» Problem requirements
Word for word, restate the lines of the data below between those holding "القى الكاتب والصحفي" and "日照 | 積雪 | 降雪 |", inclusive; pictures do not belong in the copy.

Source data
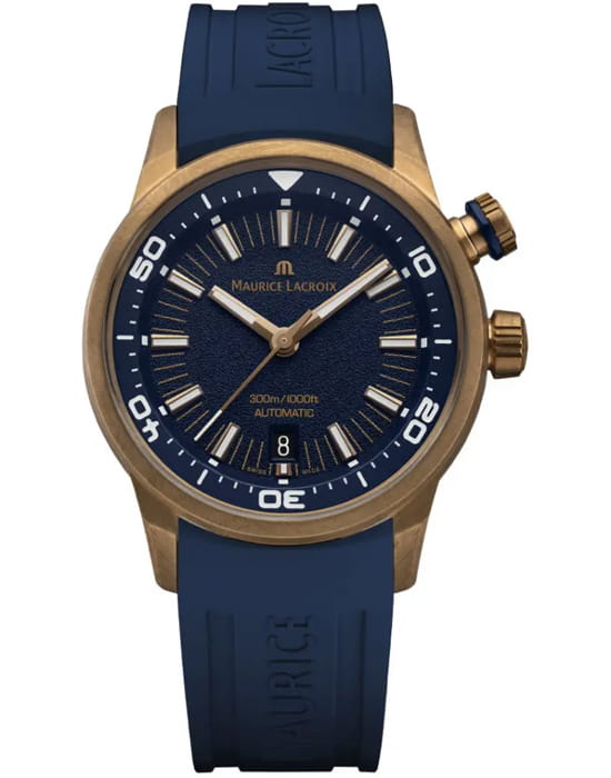 Мужские швейцарские часы Maurice Lacroix Pontos S Diver PT6248-BRZ0B-430-4, автоматический механизм с высокой точностью. Сапфировое стеклоСапфировое стеклоПрочный и надёжный материал из кристалла сапфира синтетического происхождения, характеризующийся особой твёрдостью и устойчивостью к царапинам и повреждениям. устойчивое к появлению царапин, обладающее высокой прозрачностью. Корпус изготовлен из бронзы. Стрелки и метки с люминесцентным покрытиемЛюминесцентное покрытиеПозволяет считывать показания времени в темноте. Производители наносят на стрелки, часовые индексы, безель или поверхность циферблата светонакопительный состав, дающий холодное свечение..Класс водозащиты: 300 метров, позволит плавать, нырять и заниматься другими водными видами спорта. Каучуковый ремешок.
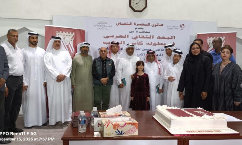القى الكاتب والصحفي العراقي حسين الذكر محاضرة بعنوان ( البعد الثقافي العربي لكاس العرب) بالدوحة بدعوة من نادي الجسرة الثقافي الاجتماعي القطري وبالتعاون مع دار البدع للنشر
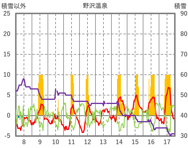 | 日 | 時 | 気温 | 降水 | 風向/風速 | 日照 | 積雪 | 降雪 |
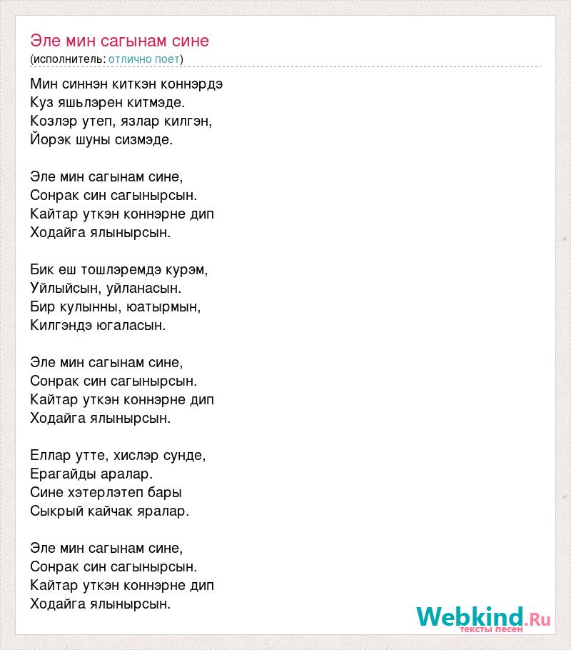 Мин синнэн киткэн коннэрдэ Куз яшьлэрен китмэде. Козлэр утеп, язлар килгэн, Йорэк шуны сизмэде. Эле мин сагынам сине, Сонрак син сагынырсын. Кайтар уткэн коннэрне дип Ходайга ялынырсын. Бик еш тошлэремдэ курэм, Уйлыйсын, уйланасын. Бир кулынны, юатырмын, Килгэндэ югаласын. Эле мин сагынам сине, Сонрак син сагынырсын. Кайтар уткэн коннэрне дип Ходайга ялынырсын. Еллар утте, хислэр сунде, Ерагайды аралар. Сине хэтерлэтеп бары Сыкрый кайчак яралар. Эле мин сагынам сине, Сонрак син сагынырсын. Кайтар уткэн коннэрне дип Ходайга ялынырсын.
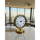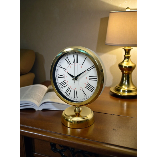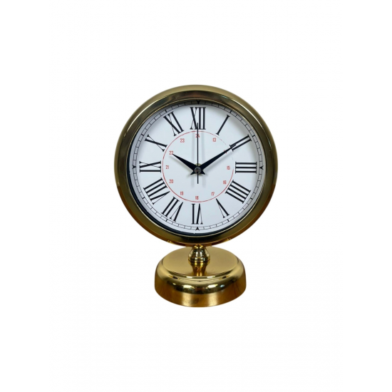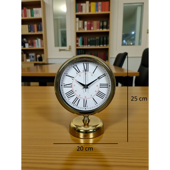Klasik dekorasyonun vazgeçilmezi olan Roma rakamları, gold kasanın ışıltısı ve sade kadran tasarımıyla birleşerek bu masa saatini hem şık bir aksesuar hem de günlük kullanımda pratik bir ürün haline getiriyor. 25 x 20 cm ölçüsü sayesinde masada yer kaplamadan dikkat çeker; çalışma masası, salon konsolu, raf veya komodin üzerinde bulunduğu ortama anında zarif ve prestijli bir hava katar.
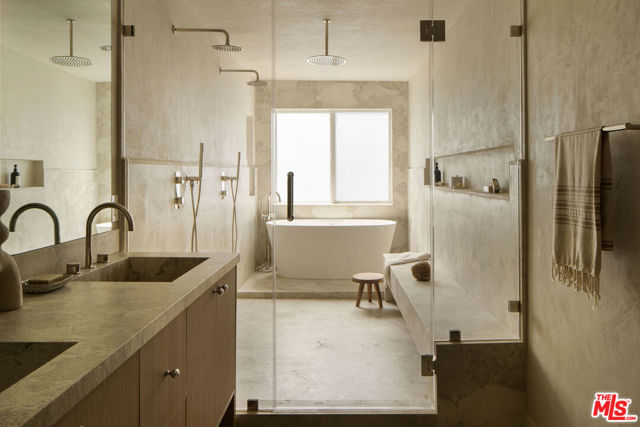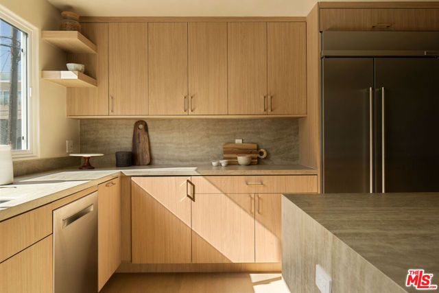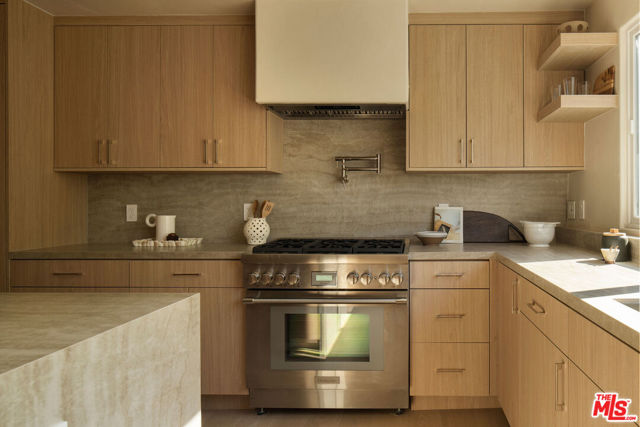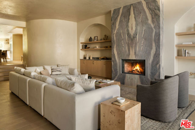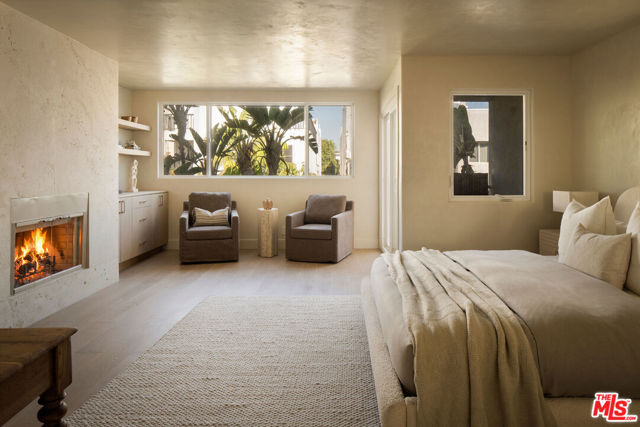 Located in the coveted Silver Strand pocket of Marina Del Rey, just steps from the sand sits this fully gutted and exquisitely remodeled townhouse showcasing exceptional craftsmanship and curated designer finishes throughout. The light-filled living room is anchored by a striking book-matched Antolini Blue Fusion stone fireplace with custom floating shelving and cabinetry, while the chef's kitchen features Taj Mahal stone surfaces, a pot filler, integrated island mini fridge and custom designer chandeliers. Walls throughout are hand-finished in Roman Clay with spa-inspired bathrooms elevated by micro-cement and premium stone selections. The powder room highlights a hand-chiseled travertine sink with bespoke accents, while the junior suite and third bath feature refined stonework and custom oak vanities. The primary suite offers a serene retreat with a custom Travertino Bianco fireplace, his-and-hers oak closets, and a luxurious Beige Creppo stone bath complete with dual vanities, rainfall shower and soaking tub. Additional bedrooms include custom fireplaces, built-ins and walk-in storage. The home is outfitted with brand-new Milgard windows, custom oak doors, reeded glass accents, polished nickel Phylrich fixtures, a fully integrated smart home system and a rare four-car garage with epoxy flooring. An exceptional coastal residence blending sophisticated design, modern technology and an unbeatable location just moments from the beach.

» Expected answer
القى الكاتب والصحفي العراقي حسين الذكر محاضرة بعنوان ( البعد الثقافي العربي لكاس العرب) بالدوحة بدعوة من نادي الجسرة الثقافي الاجتماعي القطري وبالتعاون مع دار البدع للنشر
 | 日 | 時 | 気温 | 降水 | 風向/風速 | 日照 | 積雪 | 降雪 |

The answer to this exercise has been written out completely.